Figuring out a community’s sexual culture must be the first step in developing effective HIV interventions. A variety of social functions are played out through sexuality—we use it everywhere (including here in the United States) to regulate cultural rules about identity, procreation, property, relationships, and religion. An understanding of these complicated dimensions of sexuality is vital in designing an effective HIV policy. Prevention strategies should be based upon local context and involve the actual participation of community members—not only in implementing the prevention strategies but in designing them.

Uganda, for example, is often seen as the “HIV success story” of Africa—a key difference between it and Botswana being the involvement of the community. Changing risky behaviors was, of course, central to Uganda’s success. Unlike in Botswana, Ugandans talked about altering their sexual behavior through personal channels. In addition, a higher percentage of Ugandans knew someone living with AIDS or who had died of AIDS. Alarm, advice, and awareness of the issue took root through discussions at the community-level, not some top-down public health campaign.

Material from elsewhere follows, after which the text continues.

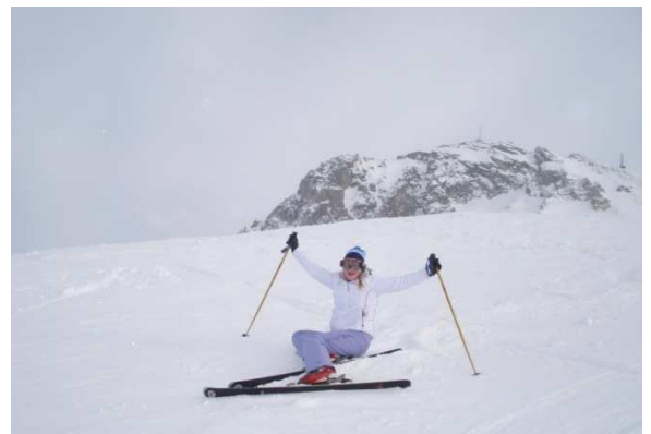
Nearly dying on the slopes in Val d'Isere! Good times, good times.

Who are we to appear with our expensive bag of solutions halfway across the world and tell everyone what their problems are, and how to fix them? The United States can help encourage, organize, and pay for (it wouldn’t be hard to redirect those PEPFAR funds!) local campaigns that identify the relevant beliefs and values within which potential solutions could be found. But the United States will never be able to able to change a culture—nor should it—through an untested, culturally irrelevant prevention campaign staffed by foreigners.


Julie Mellin is an editorial assistant at World Policy Journal.

[Photo courtesy of Flickr user JakeBrewer


Anonymous's picture
Redirecting PEPFAR funds

I commend the author on an honest opinion sparked from eye witness accounts of HIV in the context of a country and a culture. I agree that some of the solutions the author suggests are indeed durable in terms of generating an improvement of gender imbalance and other broad development issues. Gender imbalance is a known HIV risk factor, however I am apprehensive to assume the suggesting interventions will have the epidemiological impact of HIV incidence at the population-level which is needed in Botswana at this moment. At the risk of medicalizing the problem, we do have scientifically proven, within the context of Sub-Saharan Africa, interventions that deliver the population-level disruption of incidence that Botswana needs. Supporting the scale up and roll out safe male circumcision to assist the Government of Botswana in meeting the targets it has set for its nation is a good use of PEPFAR money. We have the evidence and mathematical models behind us; we know the prevention impact we can achieve with this program. Ensuring universal access to ART for PLWHA across Botswana at an earlier CD4 level has seen to drastically reduce incidence among the sexual partners of PLWHA (and this study was conducted in Botswana). Ensuring universal access and initiating ART at an earlier CD4 level is an expensive endeavor PEPFAR contributes to. Although I am not in disagreement with the author on the issues she suggests being critical, I feel suggesting PEPFAR money be redirected away from the biomedical interventions proven to have efficacy may be self-defeating in the long run.